■ **Required action**
Each line from the one with "雁棲湖夜晚景觀獨(dú)具魅" through the last line of the material is to be printed exactly; no other line and no picture belongs in the copy.

(Dataset section begins)

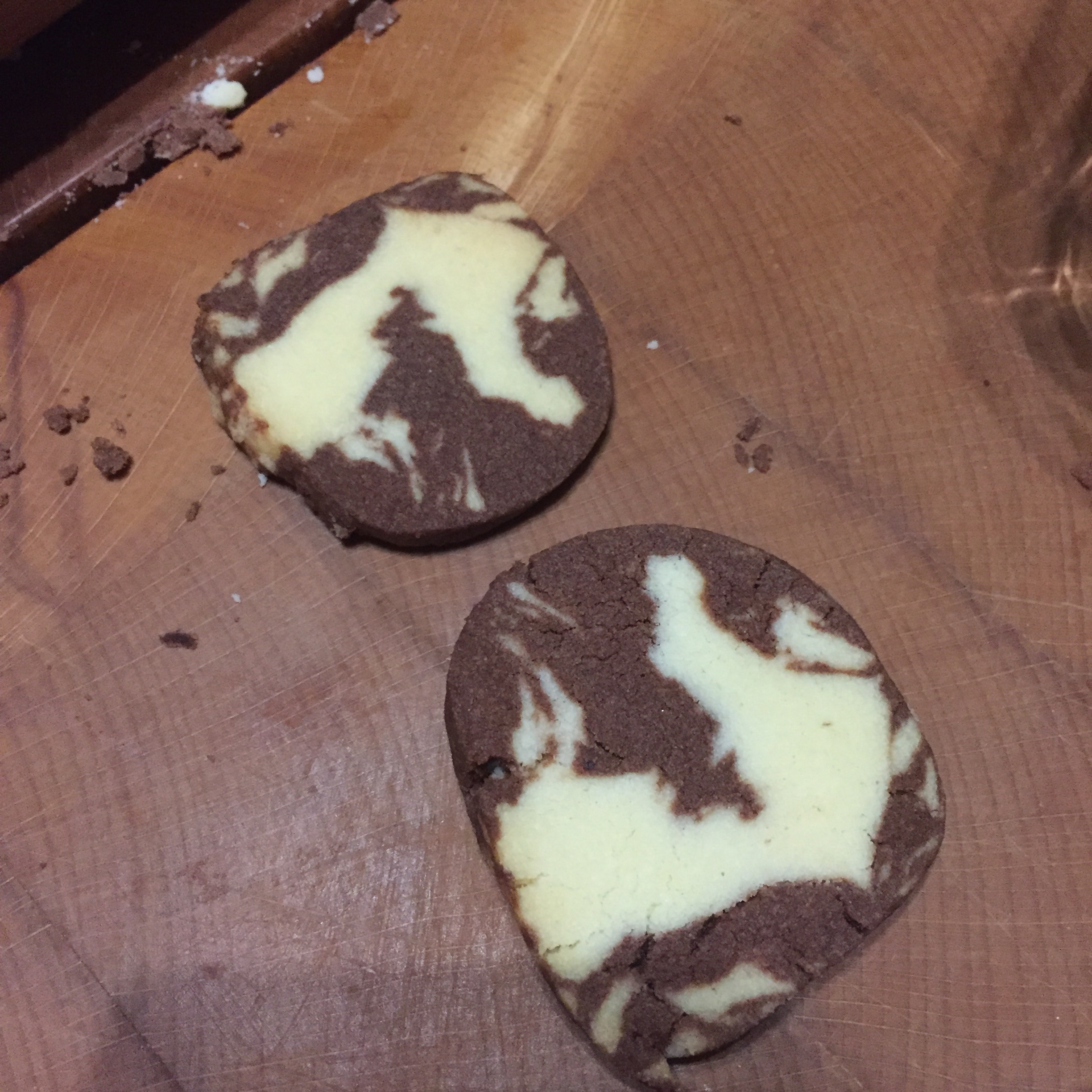 [folienstern:] „Ja, aber bloß das marmorierte Schwarz-Weiß-Gebäck, die schönen Formen hab ich nicht hinbekommen mit dem Teig.“
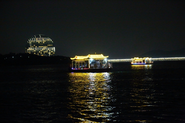 雁棲湖夜晚景觀獨(dú)具魅力,乘坐游船夜晚游覽,別有一番風(fēng)韻。雁棲湖自然山水在七彩燈光的映襯下更加嫵媚動人,雁棲島上APEC會議中心、雁棲塔以及各式精美建筑的燈光效果如夢如幻。夜晚中銀白色的日出東方酒店如同巨大銀盤,與當(dāng)空的皓月形成空中地上兩輪明月交相輝映的獨(dú)特景觀。
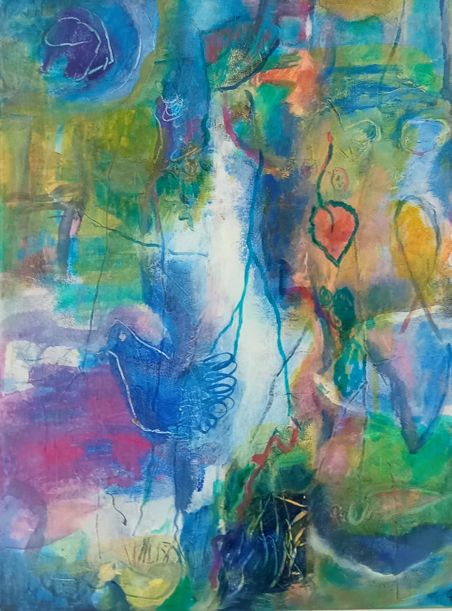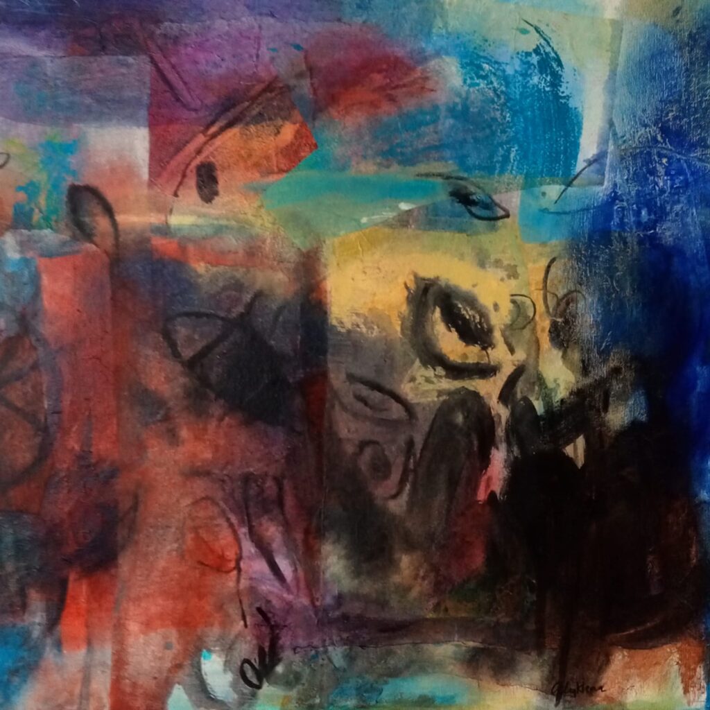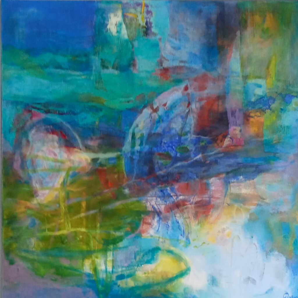 Waterwereld, 80 x 80 cm Onderstroom 1, 80 x 80 cm Wachter 2, 40 x 40 cm Onderstroom 2, 70 x 70 cm Dansen op de vulkaan, 70 x 70 cm Vuurvogel, 40 x 50 cm Blauwe vogel, 40 x 50 cm

(Dataset section ends)

■ **Exercise response**
 雁棲湖夜晚景觀獨(dú)具魅力,乘坐游船夜晚游覽,別有一番風(fēng)韻。雁棲湖自然山水在七彩燈光的映襯下更加嫵媚動人,雁棲島上APEC會議中心、雁棲塔以及各式精美建筑的燈光效果如夢如幻。夜晚中銀白色的日出東方酒店如同巨大銀盤,與當(dāng)空的皓月形成空中地上兩輪明月交相輝映的獨(dú)特景觀。
 Waterwereld, 80 x 80 cm Onderstroom 1, 80 x 80 cm Wachter 2, 40 x 40 cm Onderstroom 2, 70 x 70 cm Dansen op de vulkaan, 70 x 70 cm Vuurvogel, 40 x 50 cm Blauwe vogel, 40 x 50 cm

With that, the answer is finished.